▸ **GOAL OF THE EXERCISE**: Write the records out once more. Leave each line exactly as given.
=== SOURCE DATA ===
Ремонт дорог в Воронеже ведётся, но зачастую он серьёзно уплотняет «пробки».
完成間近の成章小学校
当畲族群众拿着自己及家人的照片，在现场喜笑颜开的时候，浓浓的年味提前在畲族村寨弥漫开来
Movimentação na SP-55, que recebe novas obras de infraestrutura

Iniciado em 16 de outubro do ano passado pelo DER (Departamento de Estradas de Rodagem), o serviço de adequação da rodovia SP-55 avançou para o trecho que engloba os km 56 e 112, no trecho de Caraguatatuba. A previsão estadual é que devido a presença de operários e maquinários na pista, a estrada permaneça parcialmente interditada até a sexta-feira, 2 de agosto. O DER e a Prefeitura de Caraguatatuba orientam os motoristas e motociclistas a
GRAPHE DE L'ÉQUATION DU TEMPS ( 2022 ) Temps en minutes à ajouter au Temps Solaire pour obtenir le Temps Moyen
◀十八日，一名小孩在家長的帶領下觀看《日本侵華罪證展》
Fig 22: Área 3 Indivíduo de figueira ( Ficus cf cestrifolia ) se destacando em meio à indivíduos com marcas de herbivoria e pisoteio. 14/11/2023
===
▸ **RESULT FOR THIS EXERCISE**:
Ремонт дорог в Воронеже ведётся, но зачастую он серьёзно уплотняет «пробки».
完成間近の成章小学校
当畲族群众拿着自己及家人的照片，在现场喜笑颜开的时候，浓浓的年味提前在畲族村寨弥漫开来
Movimentação na SP-55, que recebe novas obras de infraestrutura

Iniciado em 16 de outubro do ano passado pelo DER (Departamento de Estradas de Rodagem), o serviço de adequação da rodovia SP-55 avançou para o trecho que engloba os km 56 e 112, no trecho de Caraguatatuba. A previsão estadual é que devido a presença de operários e maquinários na pista, a estrada permaneça parcialmente interditada até a sexta-feira, 2 de agosto. O DER e a Prefeitura de Caraguatatuba orientam os motoristas e motociclistas a
GRAPHE DE L'ÉQUATION DU TEMPS ( 2022 ) Temps en minutes à ajouter au Temps Solaire pour obtenir le Temps Moyen
◀十八日，一名小孩在家長的帶領下觀看《日本侵華罪證展》
Fig 22: Área 3 Indivíduo de figueira ( Ficus cf cestrifolia ) se destacando em meio à indivíduos com marcas de herbivoria e pisoteio. 14/11/2023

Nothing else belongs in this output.